In this code snippet, the table is first populated with the sample data. When this is done, a Scan object is created. Then, both start and end keys for the scan are created. The thing to remember here is that the start key is inclusive, whereas an end key is exclusive. Then it is explicitly specified that the scan will read only coll1 and coll2 columns from the column family famA. Finally, a filter list containing two filters — a custom bounding box filter (Listing 2-9, code file: class BoundingBoxFilter) and a “standard” string comparison filter, provided by HBase — are specified. Once all settings are done, the code creates a ResultScanner, which can be iterated to Get results.

LISTING 2-9: Bounding box filter implementation

public class BoundingBoxFilter extends WritableByteArrayComparable{
 
     private BoundingBox _bb;
     public BoundingBoxFilter(){}
 
     public BoundingBoxFilter(byte [] value) throws Exception{
          
          this(Bytes.toString(value));
     }
          
     public BoundingBoxFilter(String v) throws Exception{               
          _bb = stringToBB(v);
     }
          
     private BoundingBox stringToBB(String v)throws Exception{
 
          ...............................................................................
     }
 
     @Override
     public void readFields(DataInput in) throws IOException {
 
          String data = new String(Bytes.readByteArray(in));
          try {
               _bb = stringToBB(data);
          } catch (Exception e) {
               throw new IOException(e);
          }
     }
     
     private Point bytesToPoint(byte[] bytes){
          
          .................................................................................................
     }
 
     @Override
     public void write(DataOutput out) throws IOException {
 
          String value = null;
          if(_bb != null)
               value = _bb.getLowerLeft().getLatitude() + ","  + 
                    _bb.getLowerLeft().getLongitude() + 
               "," + _bb.getUpperRight().getLatitude() + ","  + 
                    _bb.getUpperRight().getLongitude();
          else
               value = "no bb";
          Bytes.writeByteArray(out, value.getBytes());
     }
 
     @Override
     public int compareTo(byte[] bytes) {
 
          Point point = bytesToPoint(bytes);
          return _bb.contains(point) ? 0 : 1;
     }
}

NOTE As shown here, HBase reads can be implemented using Get, multi Get, and Scans. Get is used only if there is truly a single row to be read from the table at a time. Preferred implementations are multi Get and Scan. When using Scan, setting a cache value using scan.setCaching(HBASECASHING) (where HBASECASHING specifies the number of rows to cache) can significantly increase performance. The size of caching depends significantly on the processing that is done on the data.
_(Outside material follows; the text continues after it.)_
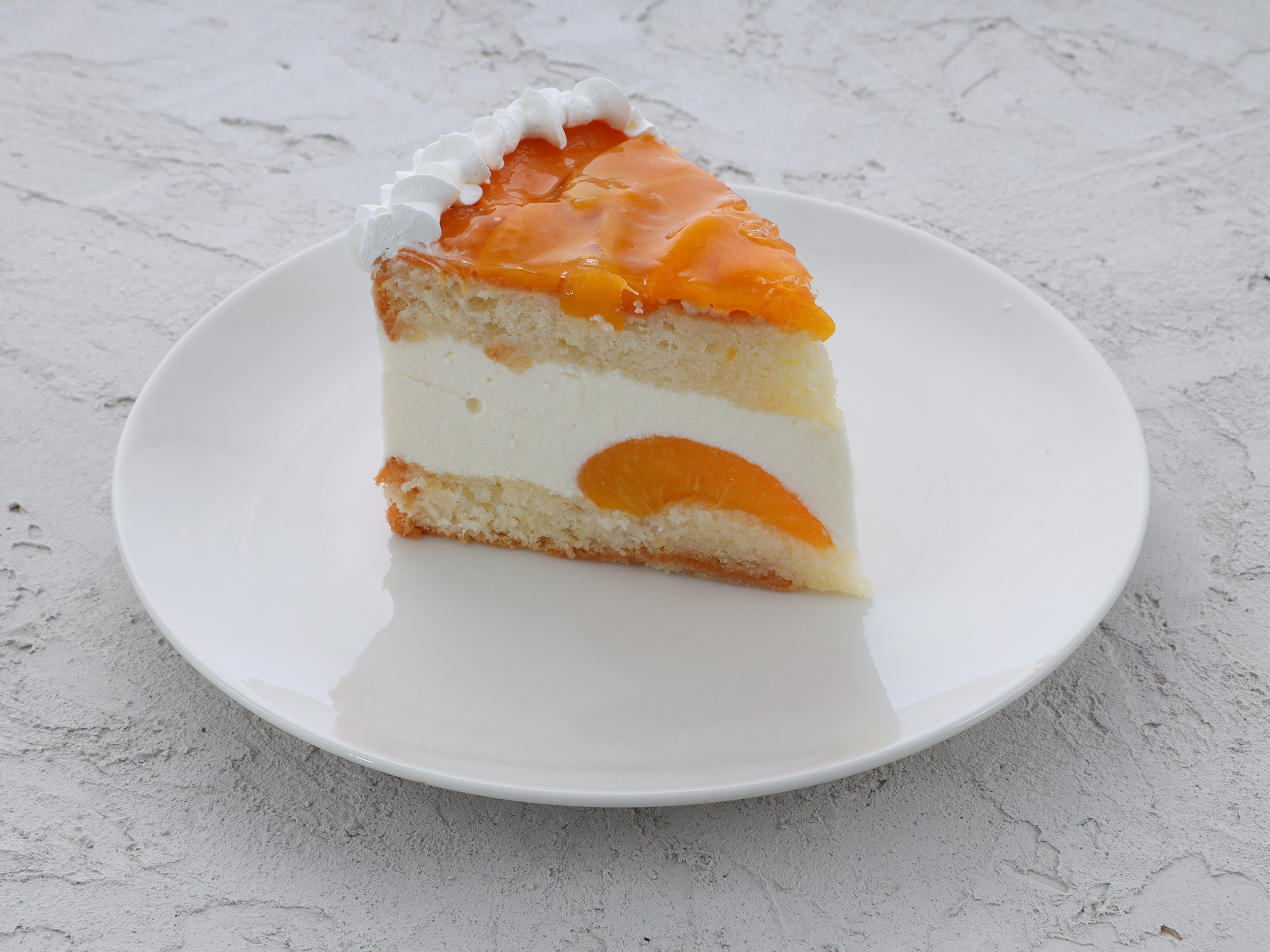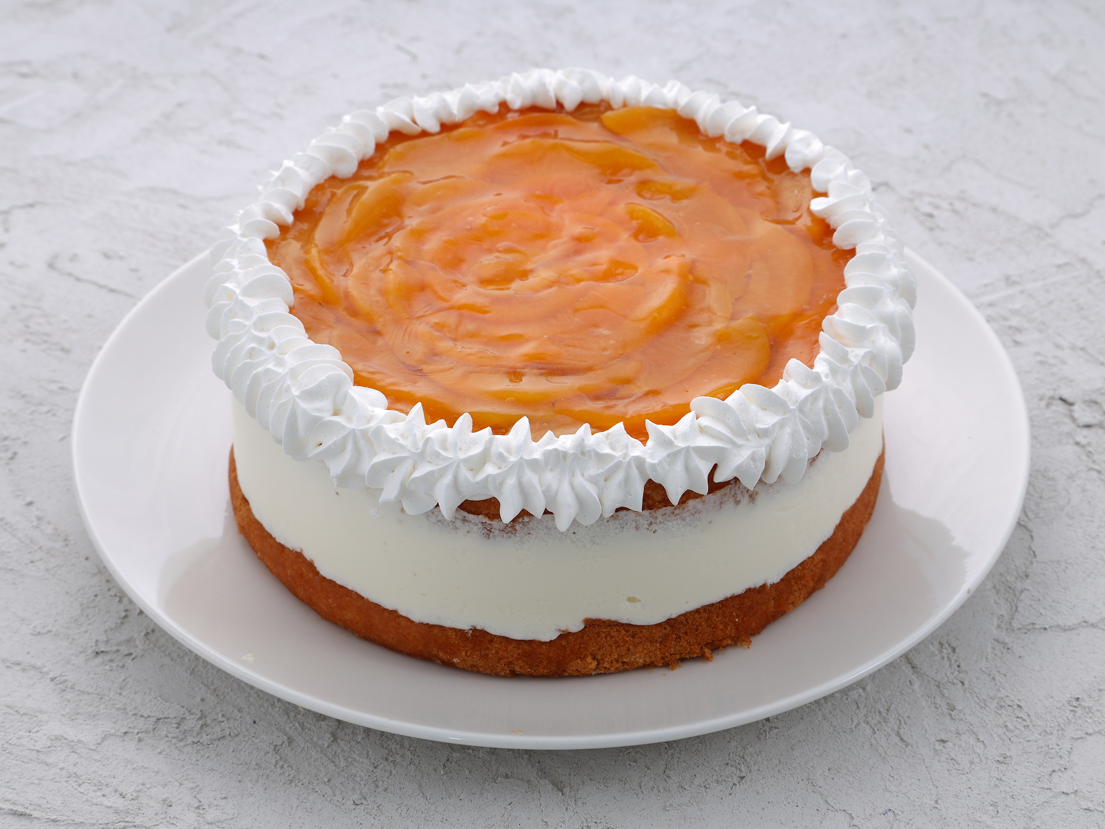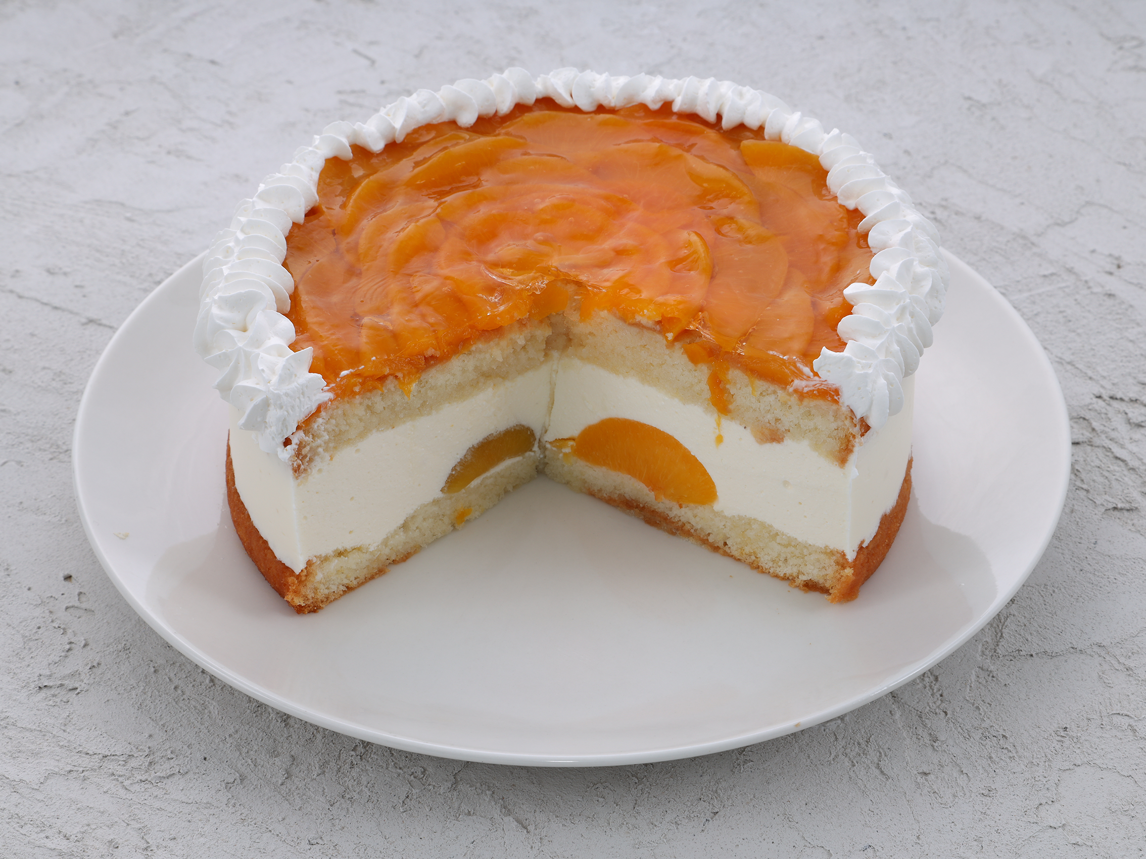 Два белых бисквитных коржа с прослойкой из нежного творожно-йогуртового суфле с кусочками персиков. Покрыт желе с дольками персиков и украшен взбитыми сливками.

Timeouts can result (for example, UnknownScannerException) if it takes longer to process a batch of records before the client goes back to the region server for the next set of data. If data is processed quickly, the caching can be set higher.

A custom bounding box filter (Listing 2-9) extends Hadoop’s WritableByteArrayComparable class and leverages BoundingBox and Point classes for doing geospatial calculations. Both classes are available from this book’s companion website (code file: class BoundingBox and class Point). Following are the main methods of this class that must be implemented by every filter:

  • The CompareTo method is responsible for a decision on whether to include a record into a result.
  • The readFields and write methods are responsible for reading filter parameters from the input stream, and writing them to the output stream.

Filtering is a very powerful mechanism, but, as mentioned, it is not as much about improving performance. A scan of a really large table will be slow even with filtering (every record still must be read and tested for the filtering condition). Filtering is more about improving network utilization. Filtering is done in the region server, and, as a result, only records that pass filtering criteria are returned back to the client.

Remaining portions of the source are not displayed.